(Stored items from a collection)
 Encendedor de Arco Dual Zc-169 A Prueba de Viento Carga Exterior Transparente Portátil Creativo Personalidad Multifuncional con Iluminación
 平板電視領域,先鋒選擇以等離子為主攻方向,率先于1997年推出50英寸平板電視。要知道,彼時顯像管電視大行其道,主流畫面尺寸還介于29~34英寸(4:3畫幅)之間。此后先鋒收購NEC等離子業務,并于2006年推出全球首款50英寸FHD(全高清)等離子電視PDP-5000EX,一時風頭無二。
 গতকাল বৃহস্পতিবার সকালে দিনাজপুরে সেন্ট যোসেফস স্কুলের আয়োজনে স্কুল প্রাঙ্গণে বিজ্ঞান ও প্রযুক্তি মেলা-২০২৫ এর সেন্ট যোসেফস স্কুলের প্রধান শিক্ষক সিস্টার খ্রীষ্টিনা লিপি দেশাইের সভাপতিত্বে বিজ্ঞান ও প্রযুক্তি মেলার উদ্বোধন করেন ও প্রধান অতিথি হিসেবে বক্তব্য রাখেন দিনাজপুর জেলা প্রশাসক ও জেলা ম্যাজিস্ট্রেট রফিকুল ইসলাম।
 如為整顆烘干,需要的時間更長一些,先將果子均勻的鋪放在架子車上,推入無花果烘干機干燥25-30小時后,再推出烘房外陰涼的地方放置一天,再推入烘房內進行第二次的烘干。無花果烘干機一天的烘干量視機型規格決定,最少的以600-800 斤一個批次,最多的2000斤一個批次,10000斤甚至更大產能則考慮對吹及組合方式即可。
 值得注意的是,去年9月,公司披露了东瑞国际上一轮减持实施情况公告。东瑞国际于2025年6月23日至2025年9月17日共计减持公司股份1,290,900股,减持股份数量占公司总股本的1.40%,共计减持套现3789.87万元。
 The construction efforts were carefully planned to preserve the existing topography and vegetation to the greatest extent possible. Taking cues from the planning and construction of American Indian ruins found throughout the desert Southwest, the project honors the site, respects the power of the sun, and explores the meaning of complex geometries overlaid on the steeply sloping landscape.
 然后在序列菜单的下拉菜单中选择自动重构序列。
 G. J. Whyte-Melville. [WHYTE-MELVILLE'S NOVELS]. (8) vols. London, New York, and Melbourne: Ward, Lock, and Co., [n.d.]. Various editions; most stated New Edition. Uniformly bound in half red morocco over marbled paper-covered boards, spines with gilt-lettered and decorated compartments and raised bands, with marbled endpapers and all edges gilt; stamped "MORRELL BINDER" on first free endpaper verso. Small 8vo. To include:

▶ [ACTIVITY] Return all of the data above, keeping every line exactly as it appears.

▶ [EXERCISE OUTPUT]
 Encendedor de Arco Dual Zc-169 A Prueba de Viento Carga Exterior Transparente Portátil Creativo Personalidad Multifuncional con Iluminación
 平板電視領域,先鋒選擇以等離子為主攻方向,率先于1997年推出50英寸平板電視。要知道,彼時顯像管電視大行其道,主流畫面尺寸還介于29~34英寸(4:3畫幅)之間。此后先鋒收購NEC等離子業務,并于2006年推出全球首款50英寸FHD(全高清)等離子電視PDP-5000EX,一時風頭無二。
 গতকাল বৃহস্পতিবার সকালে দিনাজপুরে সেন্ট যোসেফস স্কুলের আয়োজনে স্কুল প্রাঙ্গণে বিজ্ঞান ও প্রযুক্তি মেলা-২০২৫ এর সেন্ট যোসেফস স্কুলের প্রধান শিক্ষক সিস্টার খ্রীষ্টিনা লিপি দেশাইের সভাপতিত্বে বিজ্ঞান ও প্রযুক্তি মেলার উদ্বোধন করেন ও প্রধান অতিথি হিসেবে বক্তব্য রাখেন দিনাজপুর জেলা প্রশাসক ও জেলা ম্যাজিস্ট্রেট রফিকুল ইসলাম।
 如為整顆烘干,需要的時間更長一些,先將果子均勻的鋪放在架子車上,推入無花果烘干機干燥25-30小時后,再推出烘房外陰涼的地方放置一天,再推入烘房內進行第二次的烘干。無花果烘干機一天的烘干量視機型規格決定,最少的以600-800 斤一個批次,最多的2000斤一個批次,10000斤甚至更大產能則考慮對吹及組合方式即可。
 值得注意的是,去年9月,公司披露了东瑞国际上一轮减持实施情况公告。东瑞国际于2025年6月23日至2025年9月17日共计减持公司股份1,290,900股,减持股份数量占公司总股本的1.40%,共计减持套现3789.87万元。
 The construction efforts were carefully planned to preserve the existing topography and vegetation to the greatest extent possible. Taking cues from the planning and construction of American Indian ruins found throughout the desert Southwest, the project honors the site, respects the power of the sun, and explores the meaning of complex geometries overlaid on the steeply sloping landscape.
 然后在序列菜单的下拉菜单中选择自动重构序列。
 G. J. Whyte-Melville. [WHYTE-MELVILLE'S NOVELS]. (8) vols. London, New York, and Melbourne: Ward, Lock, and Co., [n.d.]. Various editions; most stated New Edition. Uniformly bound in half red morocco over marbled paper-covered boards, spines with gilt-lettered and decorated compartments and raised bands, with marbled endpapers and all edges gilt; stamped "MORRELL BINDER" on first free endpaper verso. Small 8vo. To include:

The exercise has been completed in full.